A good way to start breaking your own money silence, she says, is to ask yourself two questions: What’s the scariest thing about having money? And what’s the most wonderful thing about having money?
“Women will often say money means freedom, independence, security for their family and the next generation, and the ability to give back and make a difference,” she says. “But I’ve also heard women say that wealth is a burden, something that makes them feel isolated.” Kingsbury once worked with a woman whose inherited wealth—and love of going out west for ski weekends—stopped her from taking a job she really wanted in the nonprofit sector because she thought she wouldn’t fit in with people living on nonprofit salaries. And she worked with a young man who coped with his wealth, inherited from a rock-star father, by hanging out with friends who were only too happy to blow away the royalty checks on drugs and partying. “Eventually he saw that he was using the money to imitate his father’s abusiveness,” says Kingsbury.
Most of the population might think those are enviable problems but, as Kingsbury sees it, when you distance yourself from the realities and responsibilities of wealth, you’re leaving yourself—and your children—unnecessarily vulnerable to the “brat” stereotype. Better to talk with an advisor about the wonderful and scary aspects of having money, and confront the worries.
“I don’t tell people to stop worrying because that doesn’t honor their concerns,” says Kingsbury. Instead, she suggests a mindful method for worrying about money, whether your concern is that wealth sets you apart or that a bad investment decision might make it all disappear. “I say set aside a certain amount of time each day to worry about your money,” she says. “It could be a minute or an hour; the idea is that you honor your fear but also contain it. Then you start thinking about what’s at the bottom of the worry.” Maybe you need a philanthropic plan, or more financial education, or maybe someone told you that women aren’t good at managing money.
At the same time, here’s something worth worrying about: How do you bring up your children to be realistic and responsible with wealth? Definitely not by keeping quiet about it, says Kingsbury, who offers these three tips for raising money-savvy children:
Talk to them about money early and often.
Some parents want to protect their kids from bias against wealth. But think of these conversations as approaching healthy money management in a way that’s similar to telling them about good nutrition. You don’t tell your five-year-old he’s going to inherit millions someday, but you talk about what you’re doing with your money throughout their lives.
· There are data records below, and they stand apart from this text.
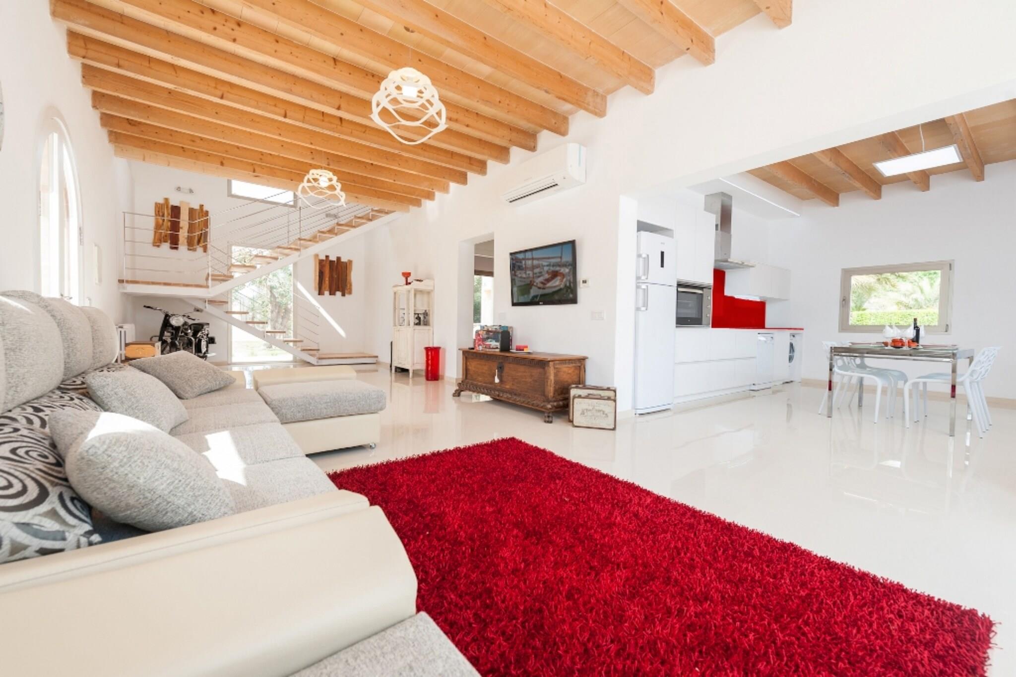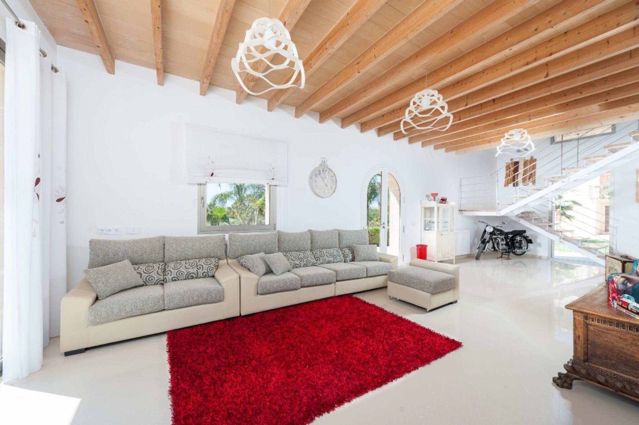 The impressive 186 m2 house, which mixes a modern style with the antique original house furniture, is located in a more than 300.000 m2 plot. It offers ample gardens and large paths that invite to have a walk and will make you feel a fantastic sensation of freedom. Just on the other side, there are some old houses where the housekeepers live. Nevertheless, all installations are fully private, and no one will interfere in your privacy. In these beautiful gardens, the wonderful salt pool highlights. It sizes 8x4 metres and its depth goes from 1.40 to 2 metres. It is surrounded by 4000 m2 of green lawn, ideal to sunbathe on one of the 10 sunbeds or have fun with the little ones. The two storey house will make you feel at home thanks to the mixture of whites and wooden stuff, with some coloured touches. It offers some peculiar decorative elements like the Rieju bike, completely restored, at the stairwell. The ground floor provides a spacious living room open to the dining kitchen which is air-conditioned and where you will relax on the comfortable sofa watching satellite TV. The kitchen offers all you need to cook delicious recipes during your vacation, including a vitro top, an oven, a microwave, a toaster, an electric coffee maker,...The stainless steel and glass table can accommodate 10 people. In this same floor there is a toilet, a double bed bedroom with a en-suite shower bathroom and access to the terrace. The other three bedroom are upstairs. One has twoo single bed and the other two offer double beds. The three of the offer an en-suite shower bathroom and closet, and they are vey well decorated. Of course, there is a cot and a high chair available, as well as a washer, an iron and an ironing board. The house is fully equipped with central heating for the winter season with a little extra cost. Outside, a terrace surrounds the whole building, the perfect place for great summer outdoors evenings, squeezing the barbecue expressly built for our guests. You will find an outside dining area for 8 people with a great pergola. In this finca you will find peacocks, sheep, horses and other farm animals that you can visit if you wish. In addition you can have long walks through the forest area at the back of the property. Maria de la Salut is a little town in the centre of Mallorca. The town square is the perfect place to enjoy outdoor dinners in summer and the street market takes place on Fridays. In the village you will find all you need for your stay: pharmacy. supermarket, sports area, bars, restaurants,... The beach in can Picafort is just 15 minutes away by cae. It is a sandy beach ideal to practice water sports and have a drink in the evening at some beach bar. Other virgin beaches like Cala Torta and s’Arenalet des verger, are only 30 minutes away. There is a fully equipped bicycle workshop with tools and other utensils. Note: This accommodation is intended for families and guests over 30 years old who are looking for a peaceful stay. Bookings for parties or celebrations are not accepted. A copy of the identification document of all guests will be required to confirm the reservation. Consult the advertiser for possible charges. Pets are not allowed. The holding of events is forbidden. There is exterior parking for 5 cars. Distances Beach: 13 km - Can Picafort Airport: 42.9 km - Son Sant Joan Golf course: 26 km - Alcanada Town: 3.5 km - Maria de la Salut Train station: 8 km - Sineu Bus stop: 3.5 km - Maria de la Salut Ferry: 25 km - Port D'Alcúdia Hospital: 17 km - Hospital Comarcal d'Inca Tourist license: ETV/5876Single Rental Registry: ESFCTU00000701100051355400000000000000000000ETV/58760The Ecotasa (tourist tax) must be paid cash on site when checking in. The amount varies between 0.55EURO/night and guest during the low season and 2.2EURO/night and guest during the high season. The tax is reduced by half from the 9th day of your stay. All guests have to pay the Ecotasa, except people under 16 years. You will have to pay the deposit amount at the arrival to the owner.Homerti - Central de Reservas CR/33 Electricity (January - December): 0.35 EUR/KW (mandatory)
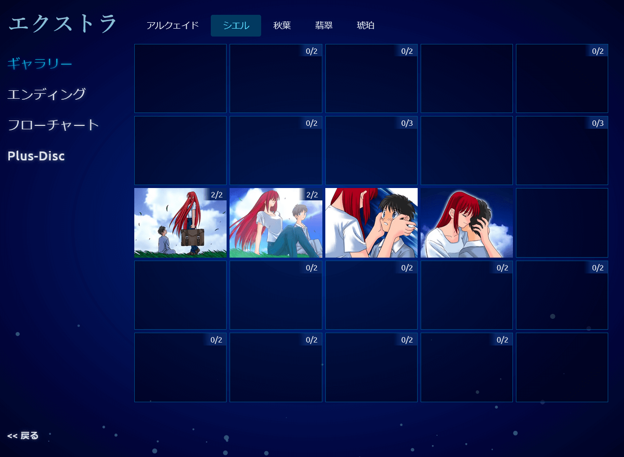 他には、解放済みのルートをフローチャートで確認することができたり、Plus-Discを閲覧できる。
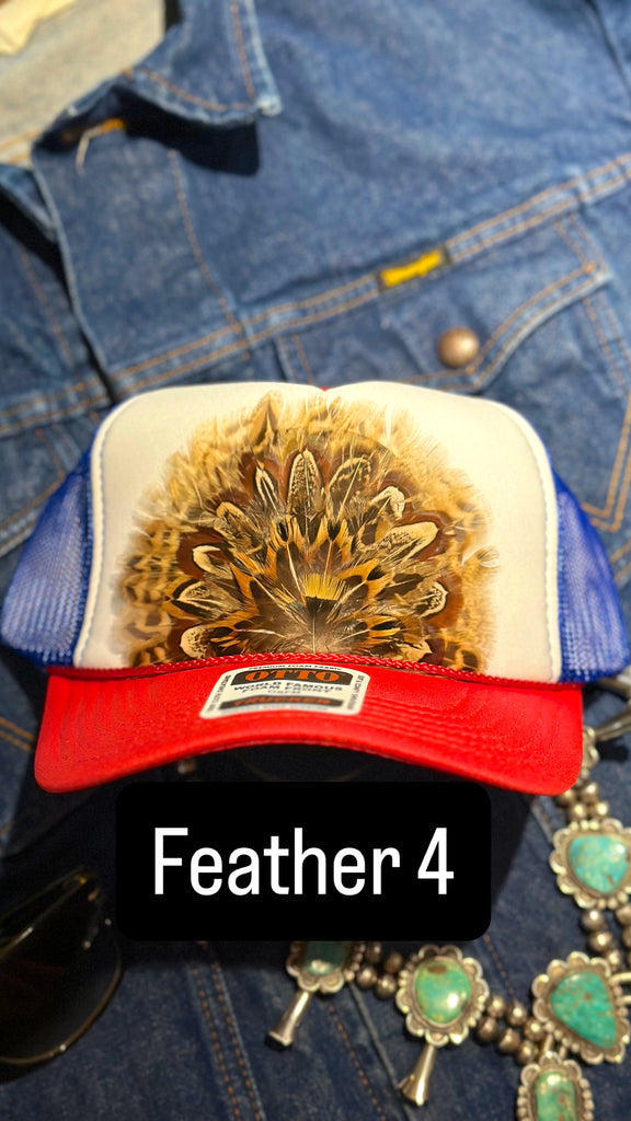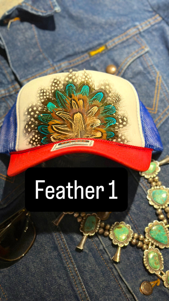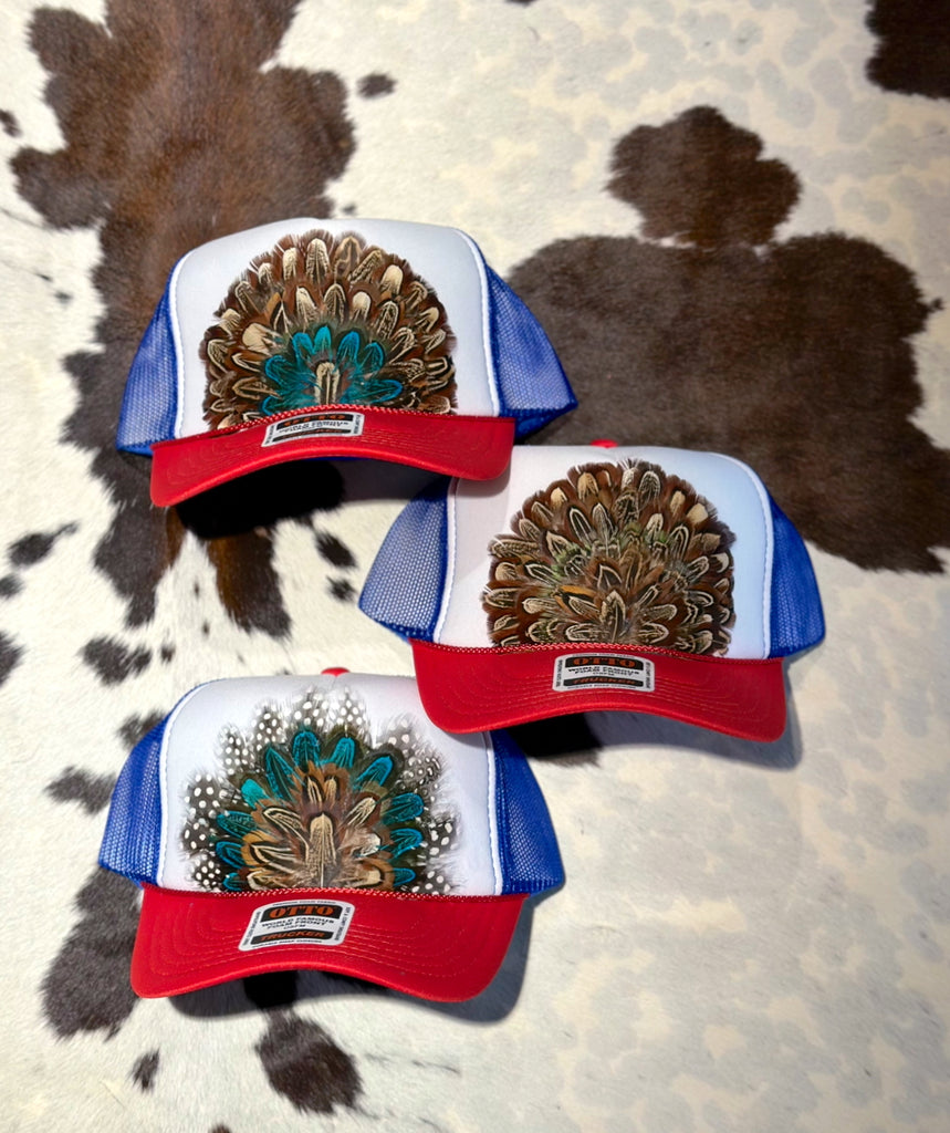RED WHITE AND BLUE FEATHER TRUCKER HAT
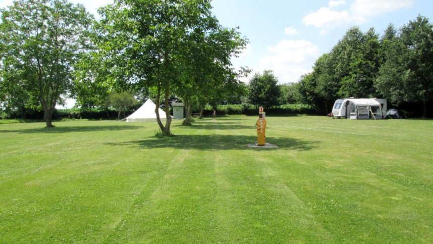 Camping & Gîtes La Forêt De Tessé is a small, family-run campsite located in the heart of the French countryside. They are situated in the Charente department of Nouvelle Aquitaine (was Poitou Charente) in the South West of France. The area is the second sunniest after the South of France. The campsite is set in 2 acres of woodland and offers a peaceful and relaxing setting for your holiday. The campsite is open all year round and is ideally located for exploring the surrounding area. There are many walks and cycle paths in the nearby forest, and the historic town of Parthenay is just a short drive away. There are 10 spacious touring pitches, all with electric hook-up points, and are spread out on an open field. There are also two fully-equipped tipis for hire, each with its own kitchen cabin.
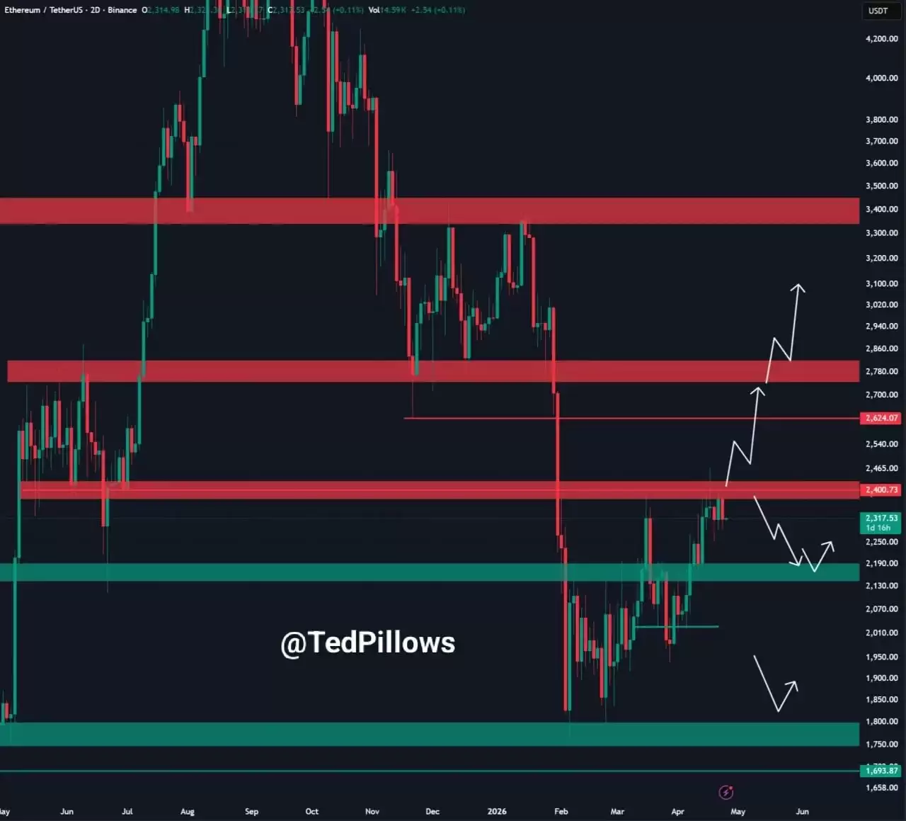 以太坊/TetherUS (ETH/USDT),2日时间框架。来源:X 上的 Ted 枕头
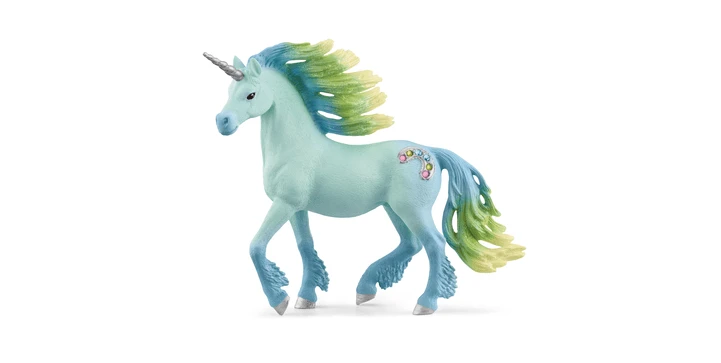 „In der bayala® Spielewelt ist er der Experte für Süßes: Der der Zuckerwatte Einhorn Hengst der Schleich® bayala® Welt. Bereits die Mähne dieses Pferdes ist süß, bunt und am liebsten geflochten. Gemeinsam mit der Marshmallow Einhorn Stute und dem Bonbon Einhorn Fohlen gehört er zu den niedlichsten Pferden der bayala® Welt. Hast du schon einmal sein Fell angefasst? Es ist weich wie Wolken. Aber bei großer Hitze auch etwas klebrig. Also lieber Hände waschen, wenn du ihn zu viel gestriegelt hast.
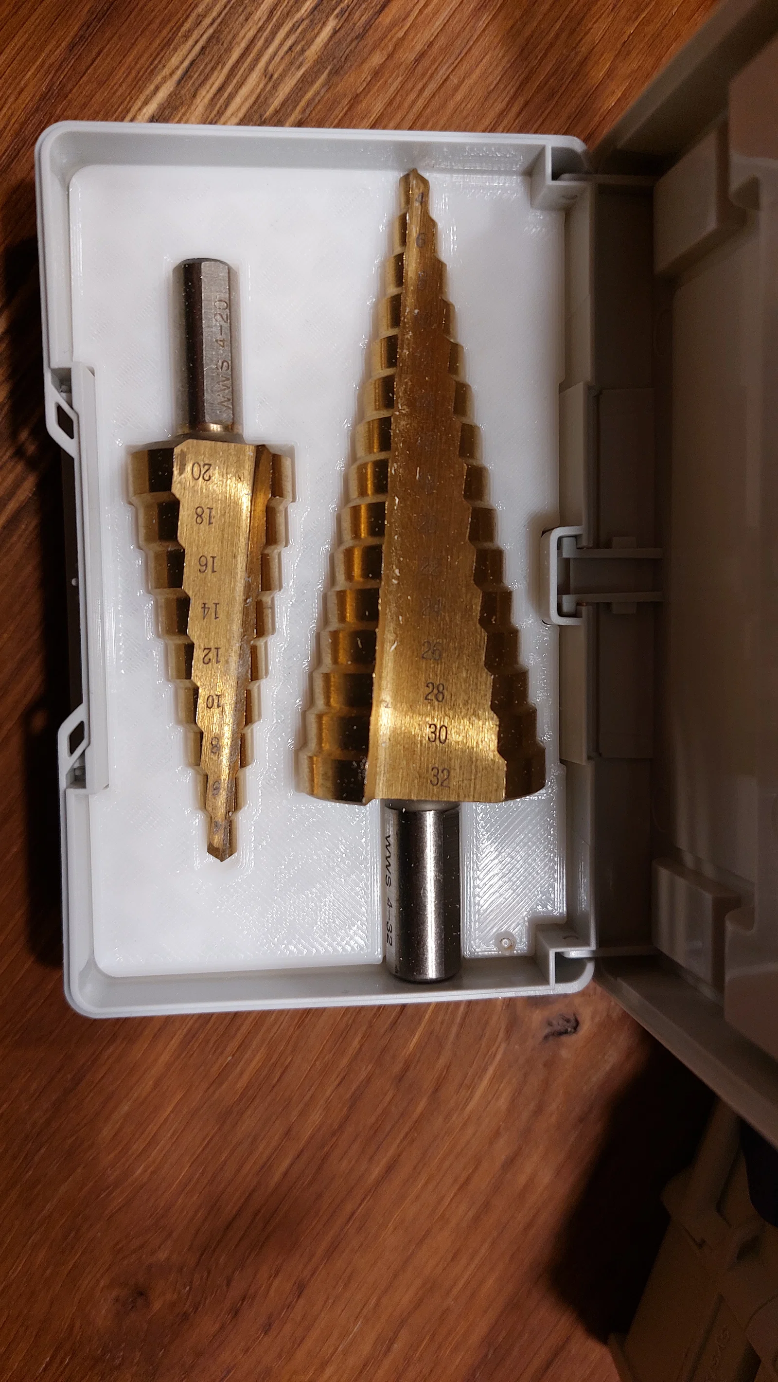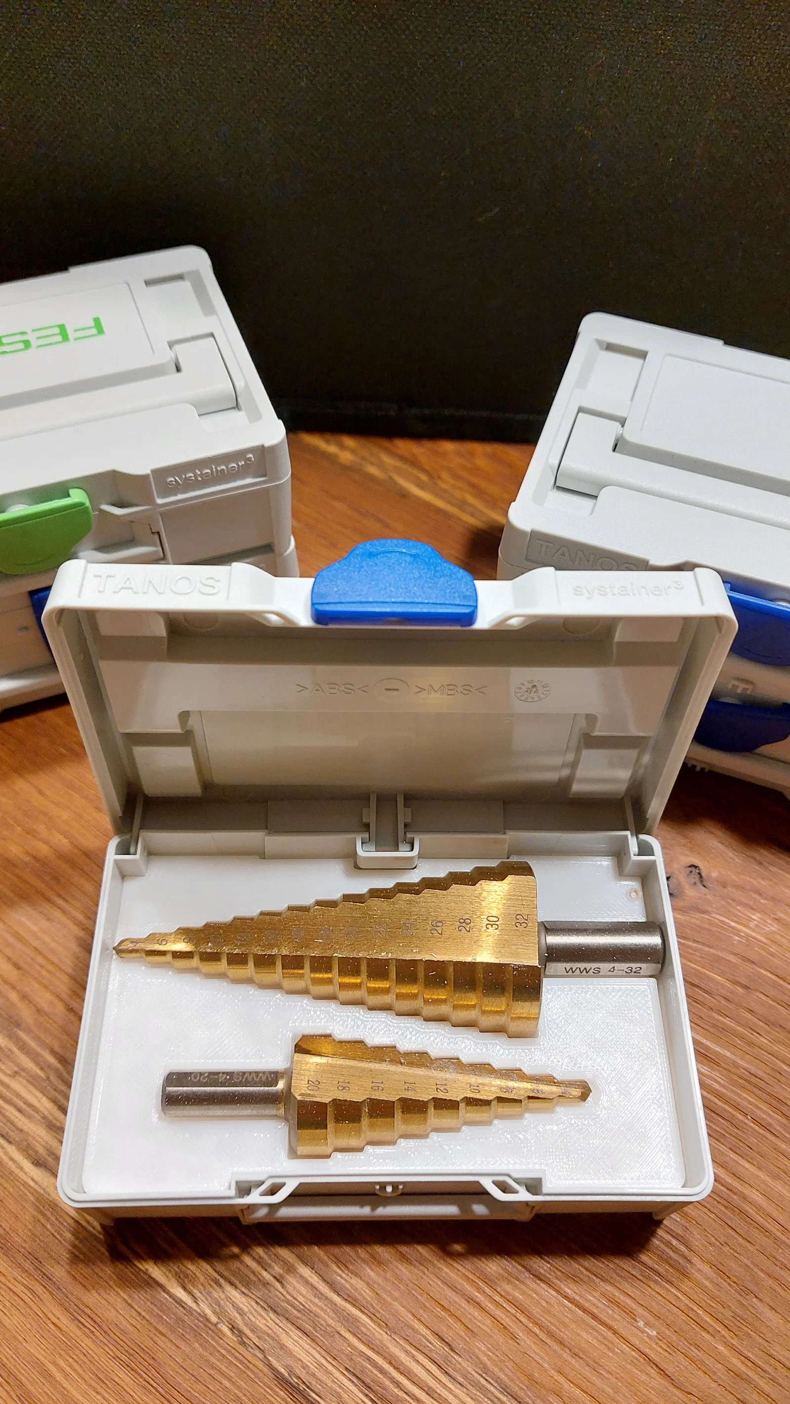 Giúp các mũi khoan bậc (kích thước 32mm & 20mm hoặc 28mm & 20mm) của bạn được sắp xếp gọn gàng trong một chiếc hộp xếp chồng đẹp mắt. Được in bằng nhựa PLA màu trắng, không cần hỗ trợ (support). Tôi đã thiết kế một vài mẫu khay chèn cho chiếc Tanos Systainer³ XXS 33 của mình để giúp bảo quản dụng cụ ngăn nắp hơn. Hãy xem thêm các mẫu thiết kế khác của tôi nhé.
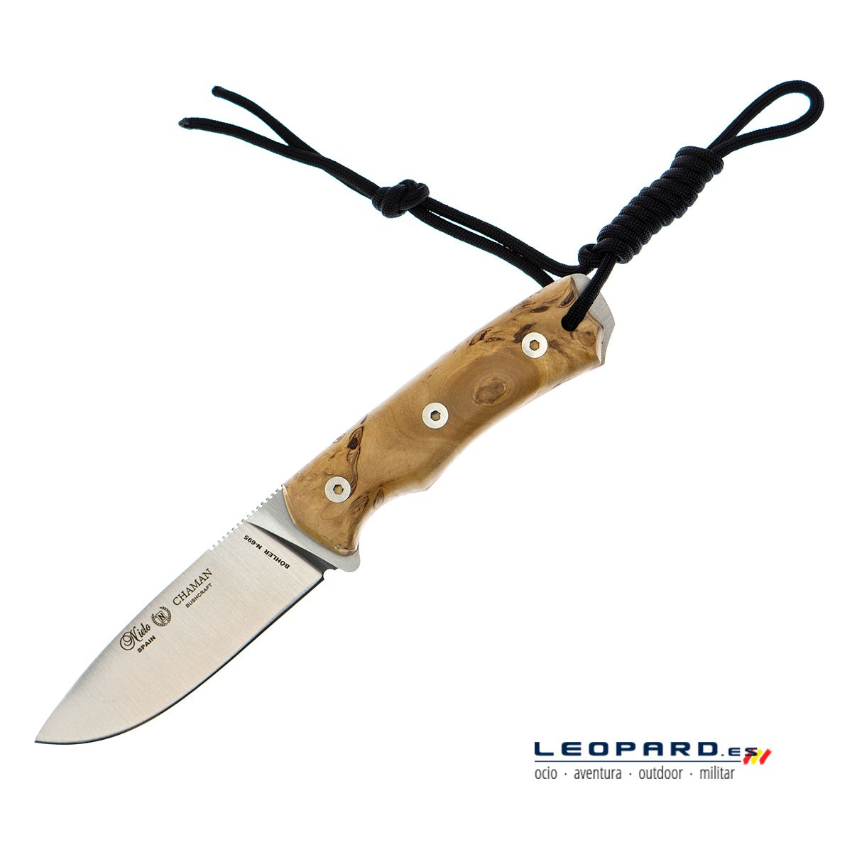 Nieto Chaman bushcraft con funda mejorada, un cuchillo excelente y muy ligero , lo he probado en el campo y va genial. Detalle de la gran calidad del cuero de la marca española.
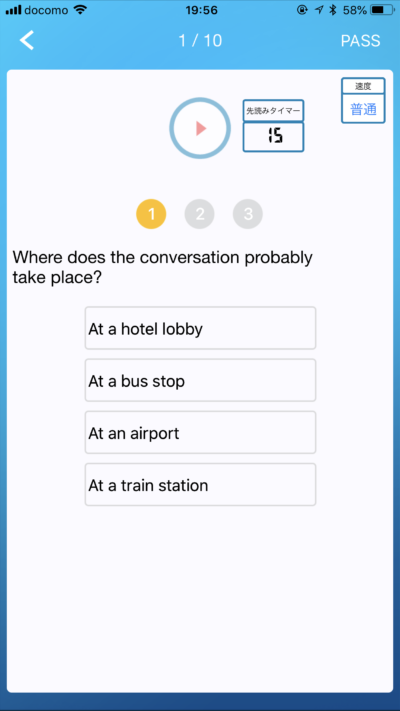 特に、「会話問題」「説明文問題」には、先読みタイマー機能 があり、最初に問題を確認しておくという練習が可能。

Take advantage of teachable moments.
If you see a movie with a money message, talk to your teenager about the message and how realistic it is, and how you might invest money in the greater good instead of buying a gilded palace.
Give them small amounts of money to experiment with.
Once they reach their teens, give them, say, $1,000 to invest, or $2,000 to give to a cause they support. The kids should do the research so that they’ll learn such skills as reading financial statements and researching a charity’s impact. The investment might not pay off in the way they hope, they might even lose it all, but that’s okay because they’re getting practice at managing their own money.
“If they learn financial awareness, they’re less likely to blow their money on drugs or marry a gold-digger,” says Kingsbury. “Of course, life happens. But you’re not just setting them loose with their wealth.”